Es wäre verwunderlich gewesen, wenn der SPIEGEL das Thema nicht auf den Titel genommen hätte. Hier ist er in seinem Element, das große Redaktionsnetzwerk hilft. Und das kommt der Berichterstattung zugute. Zwar wird auch viel nacherzählt von dem, was andere Medien bereits in den zurückliegenden Tagen veröffentlicht haben. Darüber hinaus gibt es aber neue Aspekte: über die drei Syrer, die Albakr überwältigten, zum familiären Hintergrund des mutmaßlichen IS-Terroristen. „Der Schattenkampf“ stellt unaufgeregt die Fakten dar. Das tut gut. Das ist Journalismus vom Feinsten.
Was allerdings für meinen Geschmack zu kurz kommt, ist die Würdigung des Anteils, den die Nachrichtendienste daran haben, dass bisher die Bundesbürger vor Blutbädern à la Paris, Brüssel und Nizza verschont blieben.
Aber: Warum wird ein mutmaßlicher Terrorist auf dem Titelblatt gewürdigt? Mehr Ehre kann man dem IS doch gar nicht antun. Auch, dass zum lesenswerten Interview mit dem Direktor des International Centre for the Study of Radicalisation am Londoner King‘s College, Peter R. Neumann zum wiederholten Male eines dieser unsäglichen Bilder von Abaaoud veröffentlicht wird, ist unentschuldbar. Eine Viertelseite Propaganda für den IS! Ob das Heldenepos der rettenden Syrer so bestehen bleiben kann? Sie sollen untergetaucht sein.
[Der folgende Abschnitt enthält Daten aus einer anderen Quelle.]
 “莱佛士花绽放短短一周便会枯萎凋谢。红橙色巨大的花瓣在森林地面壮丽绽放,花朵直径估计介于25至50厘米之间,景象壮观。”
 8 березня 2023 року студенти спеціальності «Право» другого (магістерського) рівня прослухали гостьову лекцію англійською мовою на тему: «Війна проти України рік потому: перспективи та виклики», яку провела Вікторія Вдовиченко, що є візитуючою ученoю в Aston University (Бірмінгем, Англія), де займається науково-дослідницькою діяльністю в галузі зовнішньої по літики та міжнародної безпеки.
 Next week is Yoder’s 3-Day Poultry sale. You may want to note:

Hier zeigt sich, wie schnell die Wirklichkeit Wochenmagazine überholt.
Der SPIEGEL bietet in dieser Woche eine konzentrierte Deutschland-Strecke, die Politik beschreibt, dabei versucht, neutraler zu bleiben und seine Vorurteile etwas zu hemmen – einmal abgesehen davon, dass die Auswahl der Themen immer auch ein Statement ist. Offensichtlich wirkt die Kritik immer breiterer Leserschichten am Bevormundungsjournalismus.
Fasziniert hat mich im aktuellen Heft der Bericht „Körper los“ über den italienischen Neurochirurgen Sergio Canavero, der unbeirrt weiter sein Ziel verfolgt, einmal einen menschlichen Kopf zu verpflanzen. So unvorstellbar und beklemmend der Vorgang auch sein mag, er scheint gar nicht so utopisch zu sein. Und einen ersten Patienten gibt es angeblich auch schon.
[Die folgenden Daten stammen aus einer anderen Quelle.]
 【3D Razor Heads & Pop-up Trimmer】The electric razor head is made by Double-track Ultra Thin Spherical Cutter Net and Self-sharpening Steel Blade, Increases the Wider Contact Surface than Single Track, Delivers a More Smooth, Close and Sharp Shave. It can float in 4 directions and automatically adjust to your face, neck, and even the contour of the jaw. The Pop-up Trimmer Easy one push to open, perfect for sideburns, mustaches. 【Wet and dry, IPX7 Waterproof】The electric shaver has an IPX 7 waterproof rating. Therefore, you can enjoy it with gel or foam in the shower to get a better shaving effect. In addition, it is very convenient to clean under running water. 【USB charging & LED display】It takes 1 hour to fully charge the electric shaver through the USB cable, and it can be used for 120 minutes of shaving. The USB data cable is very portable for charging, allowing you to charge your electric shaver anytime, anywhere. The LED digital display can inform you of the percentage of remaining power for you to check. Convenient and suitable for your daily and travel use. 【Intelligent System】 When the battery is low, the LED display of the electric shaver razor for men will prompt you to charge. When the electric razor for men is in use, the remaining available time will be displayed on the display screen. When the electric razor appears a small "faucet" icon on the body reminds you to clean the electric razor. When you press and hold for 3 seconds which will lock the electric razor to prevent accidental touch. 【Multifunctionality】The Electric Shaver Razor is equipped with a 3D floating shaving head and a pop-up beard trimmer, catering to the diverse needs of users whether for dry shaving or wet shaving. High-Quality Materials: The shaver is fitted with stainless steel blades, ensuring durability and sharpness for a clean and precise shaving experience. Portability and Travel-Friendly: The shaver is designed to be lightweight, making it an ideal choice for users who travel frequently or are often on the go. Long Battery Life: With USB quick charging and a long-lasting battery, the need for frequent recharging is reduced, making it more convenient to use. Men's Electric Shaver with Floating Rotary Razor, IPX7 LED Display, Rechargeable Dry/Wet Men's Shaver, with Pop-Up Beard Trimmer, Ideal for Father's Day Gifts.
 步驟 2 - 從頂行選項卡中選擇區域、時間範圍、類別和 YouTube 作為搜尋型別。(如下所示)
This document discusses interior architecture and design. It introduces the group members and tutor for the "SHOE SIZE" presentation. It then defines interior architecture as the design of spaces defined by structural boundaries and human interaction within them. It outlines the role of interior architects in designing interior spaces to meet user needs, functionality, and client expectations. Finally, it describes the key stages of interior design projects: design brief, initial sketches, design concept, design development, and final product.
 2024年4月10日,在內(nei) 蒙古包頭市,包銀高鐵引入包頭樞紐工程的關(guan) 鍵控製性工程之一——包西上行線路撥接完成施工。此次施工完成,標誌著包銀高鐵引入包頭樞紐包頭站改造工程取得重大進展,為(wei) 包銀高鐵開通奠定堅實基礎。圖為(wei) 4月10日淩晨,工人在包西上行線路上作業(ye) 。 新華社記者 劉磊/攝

Braucht die Lesewelt einen Bücherkanon? Das haben wir schon vor 15 Jahren infrage gestellt, als Marcel Reich-Ranicki seinen Kanon lesenswerter deutschsprachiger Literatur vorstellte. So ist es auch heute, wenn die Kultur-Redaktion meint, einen SPIEGEL-Kanon vorstellen zu wollen. Man greift verbal hoch, gibt sich apodiktisch, wobei es doch immer nur nur subjektiv sein kann. Natürlich gibt es für jedes der vorgestellten Bücher eine Begründung, warum gerade das ein herausragendes Werk ist. Aber sind es „die besten 50 Romane unserer Zeit“, wie die Autoren schreiben? Darf man es überhaupt aussprechen, dass – ganz subjektiv – einige der Bücher von der Liste mich gelangweilt haben? Dass man keinen Zugang gefunden hat? Darf man aussprechen, auch wieder ganz subjektiv, dass mir ganz schnell andere Schriftsteller einfallen, die für mich große Literatur geschaffen haben, gerade auch im Sinne „ der großen Möglichkeitskunst“. Haruki Murakami beispielsweise oder T.C. Boyle. Nicht zu reden von der Literaturtür, die Mario Vargas Llosa immer wieder aufstößt. Und viele andere wären zu nennen.
Zurück in den Tiefen des Alltags stimmen wir in die Nöte von Elke Schmitter ein, dass uns die Kommunikation die von neuen Wasserkochern, Kaffee- und Waschmaschinen und ganz besonders Kühlschränken ausgeht einem das letzte an Geduld abverlangt.